Everything about elections should be as transparent as possible, except of course, how any specific voter voted. Such transparency would be of little value, however, if voters do not understand how elections work. Therefore, it is important to comply with “The Jones Rule.” The Jones rule is named for computer science professor Douglas Jones (U. of Iowa) who stated it so succinctly: Everything about elections should be understandable by a reasonably bright high school student. Voters cannot be expected to trust anything they cannot understand.
Every step of every process must be engineered to make fraud substantially impossible. It must be extremely difficult and highly unlikely that election results could be nefariously controlled or influenced by any special interest group. If fraudulent manipulation should nevertheless somehow occur, its detection and correction must be virtually certain. Furthermore, the evidence required for successful prosecution of the perpetrators should be available.
Every operation (other than a voter’s handling of his or her own ballot) that could affect an election’s outcome must be supervised by trained election officials and must be closely observable by observers from opposing factions; preferably, also the public. It should be obvious that there must be no exceptions to this as even one exception is enough to engender doubt and destroy trust. Some of the operations that must be so controlled are:
- Identification of voters and verification of their eligibility to vote
- Guaranteeing that the voter who checked in is the person who completes a ballot
- Any handling of ballots, including counting and verification
- Any transport or storage of ballots between operations
- Any handling, transport or storage of ballot tally information prior to its publication
Achieving and maintaining the required level of supervision, control and transparency is difficult. The difficulty increases rapidly as the time period over which controls must be maintained is made longer. The difficulty also increases rapidly as the spatial area, the number of people or the complexity of the operations is made larger. It follows that all such critical operations should be carried out in a small area, with the fewest people and over the shortest possible time period.
This requirement, as is true for some of the others, is best met by having a manageable number of voters (say, 500 to 2,000) vote in each properly staffed and managed polling place. The physical setup is prescribed, and carefully thought-through procedures are followed as established by law. A Judge of Elections is in charge. Poll workers assist. Watchers from opposing factions can watch. Polling place personnel are trained on the procedures.
Video surveillance of polling places is a good idea; a copy would be sealed and preserved with the ballots. Obviously, it must not be possible to read the choices on any ballot, but observing the movement, flow and activities of people could be quite helpful evidence in the event of audit discrepancies or suspected fraud.
Although it should be unnecessary to say, it must be officially stated that mail-in voting cannot meet this requirement. Mail-in ballots float around the countryside for at least days, more likely weeks. They are handled by an unknown and unknowable number of unknown people. When returned, they are handled by more people who validate and count them. The opportunities for serious problems are too numerous to discuss. Some of ways to manipulate elections that are possible when perpetrators have plenty of time and no one is looking are very hard to detect and harder still to prosecute.

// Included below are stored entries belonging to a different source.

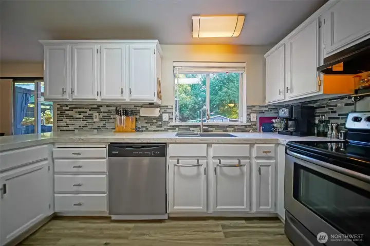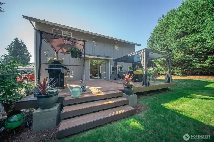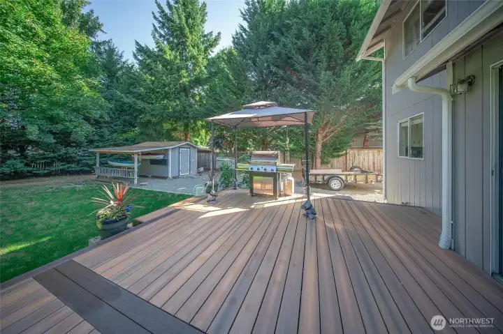Lovely 3 bed, 2.5 bath home w/ 1,700+ sq ft on a quiet street in a well-kept neighborhood. Sitting on a 1/3+ acre lot, the fully fenced yard w/ a large gate, perfect for a boat, RV, or extra vehicles. 3-car garage w/ a versatile 3rd bay. Vaulted entry opens to a step-down living rm w/ newer hardwood flrs throughout. The updated kitchen boasts granite counters, stylish backsplash, & stainless appliances, flowing into an eating area w/ backyard access & a cozy family rm. Upstairs, find a master suite w/ full bath & walk-in closet, plus 2 spacious beds sharing a full bath. Outside, a large Timber Tech deck offers space for BBQs & furniture, w/sunny lawn, walk-in shed w/ covered storage, & a small mower shed. Perfect for privacy & entertaining!
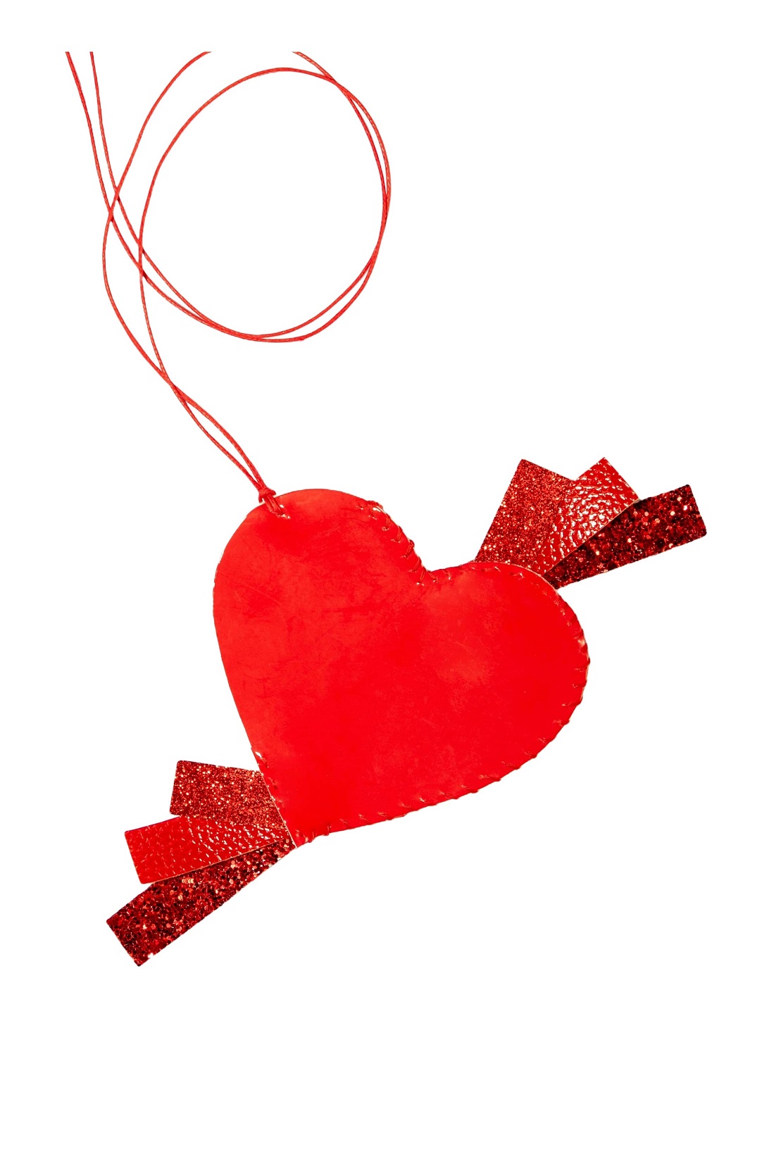 Un cuore, in equilibrio, per questo ciondolo. Interamente tagliato e cucito a mano. Di lunghezza regolabile, realizzato in pelle riciclata, recuperata da scarti di lavorazione industriale, con texture diverse ed una parte in finitura glitter che dona un tocco moderno e contemporaneo.
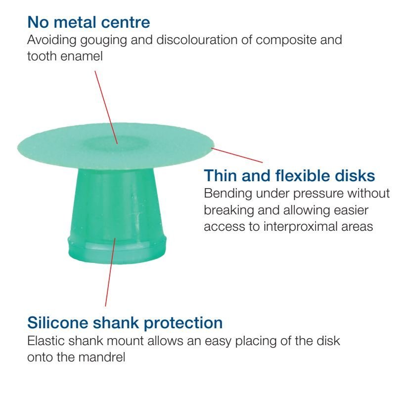 - Greater elasticity and resilence of the disks facilitate easy polishing in interproximal areas.
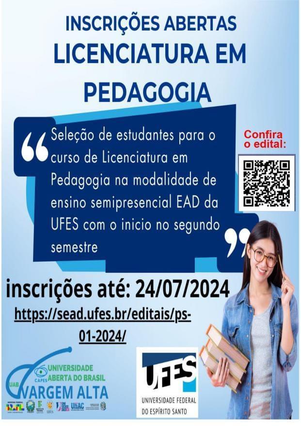 A Universidade Federal do Espírito Santo (UFES) está com inscrições abertas para o curso de Licenciatura em Pedagogia na modalidade semipresencial, voltado para estudantes de Vargem Alta e região. Esta oportunidade é oferecida em parceria com a Universidade Aberta do Brasil (UAB) e é parte do compromisso de ampliar o acesso à educação superior.
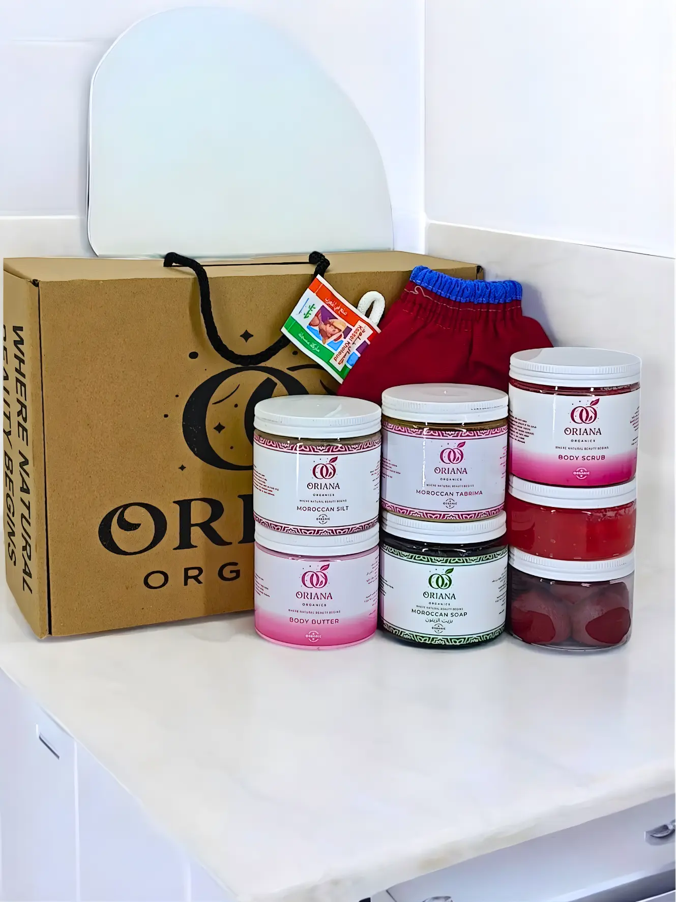 يحتوي على 8 منتجات أساسية لجلسة حمام مغربي كاملة:
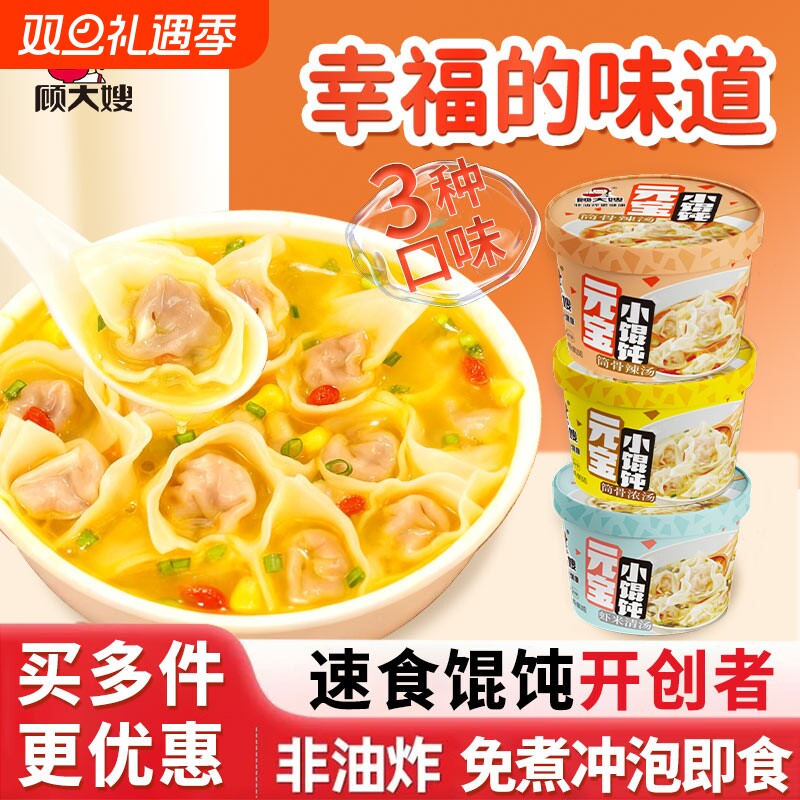 -> 顾大嫂小馄饨小混沌12桶装 云吞面皮整箱速食方便面早餐夜宵食品
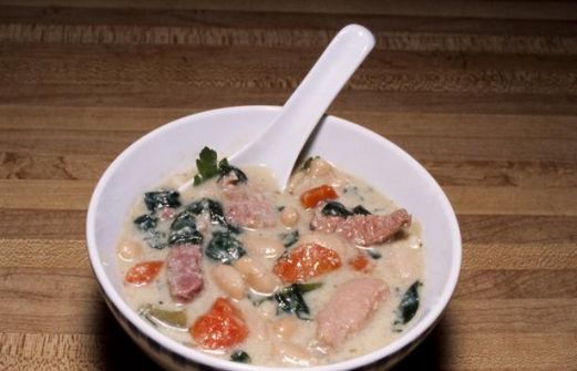 1 cup ham , diced 1/4 cup onion , diced 1/4 cup celery , diced 1/4 cup carrot , diced 1 tablespoon garlic , minced 1/2 tablespoon butter 1/2 tablespoon olive oil 2 (14 1/2 ounce) cans chicken broth 1 teaspoo [...]
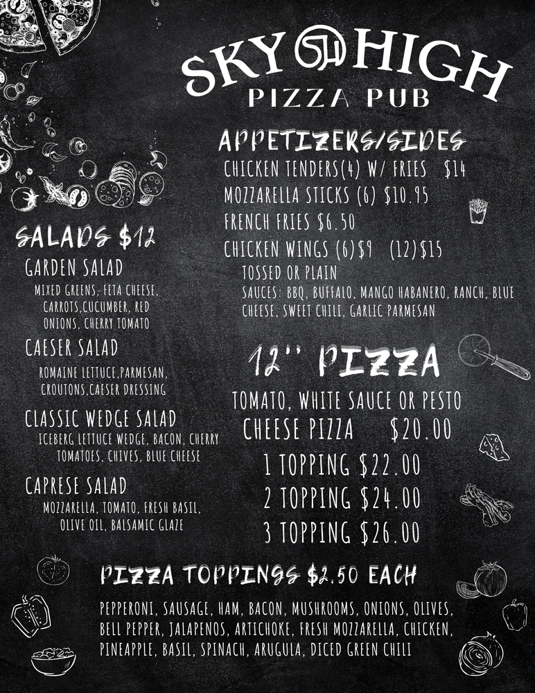 Whether you're indulging in a night out or simply grabbing takeout, Sky High Pizza & Pub promises a truly enjoyable dining experience at a moderate price point. Don't forget to try their specialty pizzas during your visit!
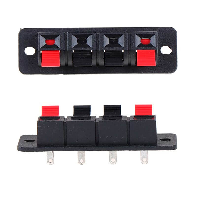 La versión de 4 vías posee 2 barrenos para fijar el conector a un gabinete, ambos modelos tienen una terminal por cada vía para soldar los cables internos del circuito, pueden soportar 50V y 3A de corriente alterna y sujetar cables desde calibre 24 a 16.
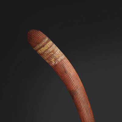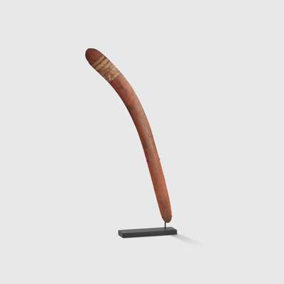 carved wood and pigment, a large example, displaying a subtle taper, with vertical fluting throughout, painted bands in white and yellow to one end, raised on a bespoke mount
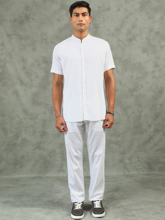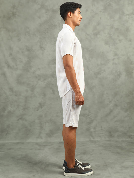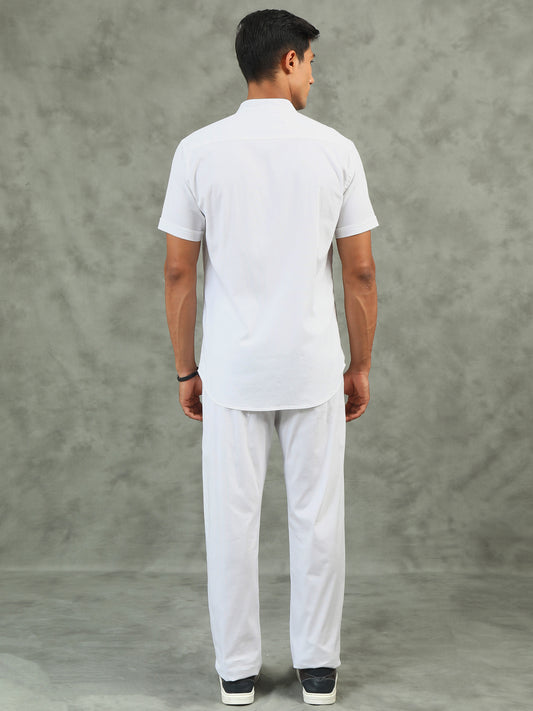 White Regular Fit Half Sleeve Solid Casual Co-ord Sets

Transparency, supervision and control difficulties explode exponentially with mail-in and also with large mail-in ballot counting operations, especially ones spanning multiple days and requiring safe overnight storage and lots of handling of ballots. Even if, miraculously, no fraud occurred, fraud would often be suspected and there is no conclusive way to prove that it didn’t happen. Citizens could not implicitly trust their elections, which would be endlessly disruptive, just as it now is.